If you are both a landlord and a provider of ICS services, the juxtaposition between the strict landlord tenant laws and serving a high-risk population can be frustrating. It may seem as though you have little control over the safety of your residents, however, there are some safeguards that you can implement to ensure that your residents know and understand the expectations you have as an ICS provider and the processes you will implement if you feel as though a resident is at risk of harming themselves or someone else. 

 

Ways an ICS provider can promote the safety of their clients:

  • Have clear program guidelines—make sure staff reviews the guidelines with the clients during orientation and provide clients with their own copy. It is a good idea to have a signature page that goes in the client’s file where they acknowledge that the program guidelines have been reviewed with them. ICS providers can always create a Safety Policy as an addendum to the program guidelines to notify clients of the Safety Policy and include line items that the client agrees to as a recipient of ICS services. Ex. “I agree to reach out to ICS staff, my case manager, or someone in my support team if I am feeling suicidal, homicidal, unstable mental health wise, or am struggling with sobriety, and to be honest with these same people if they ask me about these issues.”
  • Inform clients that as a result of their behaviors, choices, or conduct, ICS staff may contact the client’s case manager or support team and involve them in decisions regarding your care. 
  • Notify clients that if ICS staff have reasonable suspicion to believe that a client is possessing weapon(s), alcohol, drugs, or any other prohibited items according to their lease, that staff may search their belongings in their presence, without notice. 

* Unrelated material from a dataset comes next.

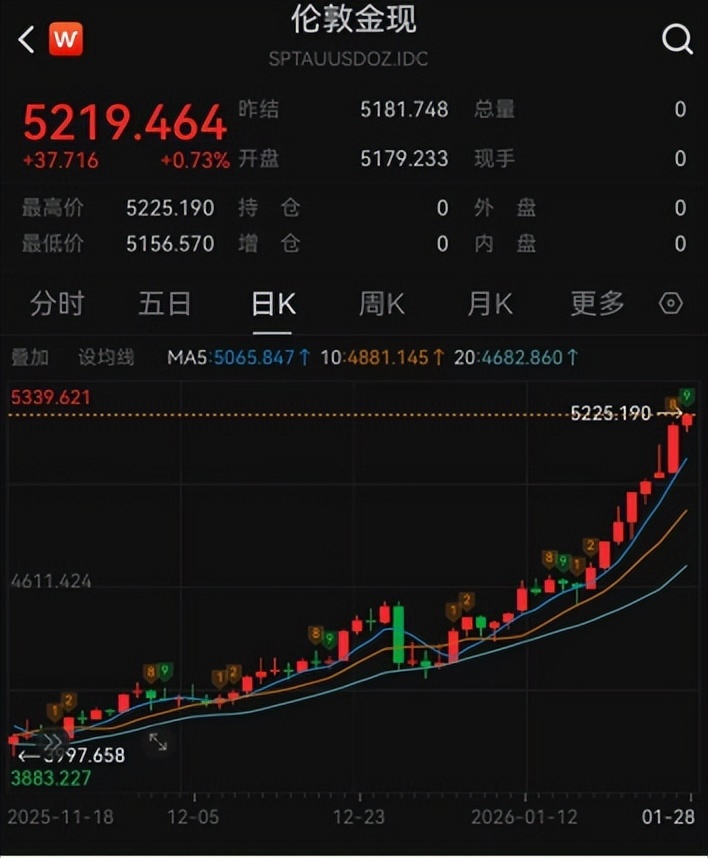 wind数据显示,1月26日,伦敦金现盘中触及5111.17美元/盎司,首次站上5000美元/盎司关口;1月27日,最高达5190美元/盎司,1月28日截至发稿前,伦敦金现最高价突破5222美元/盎司。

  • Explain to clients that their lease may be terminated if they violate it by possessing any of the above items. 
  • Explain to clients that services may be restricted or terminated if the client is at imminent risk of harming themselves or others and other positive supports were ineffective. 

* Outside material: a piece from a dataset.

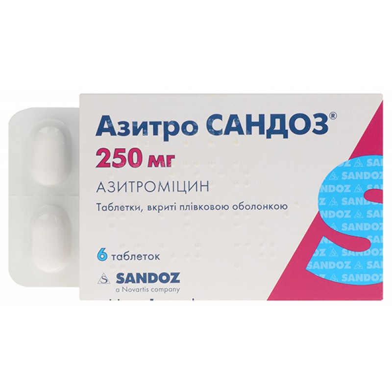 Азитро Сандоз таблетки, в/плів. обол. по 250 мг №6

  • Let clients know that immediate entry into their residential unit may be necessary to determine client safety. 
  • Require clients to stay accountable to staff and to check in on a regular basis—for some programs this may be daily or however frequent your program decides is appropriate. 
  • Require that clients answer their phone, emails, or knocks on their door from ICS staff or follow up with staff within 12 hours.
  • Perform random and/or regular UAs on clients. 
  • Pay attention to client’s medications and when they are refusing certain medications or not taking others as prescribed. For example, if a client takes suboxone because they have a history of opiate use and are in recovery, and suddenly, they stop taking their suboxone, this should be a red flag for staff. Mental health medications and addiction/recovery medications are particularly important to monitor.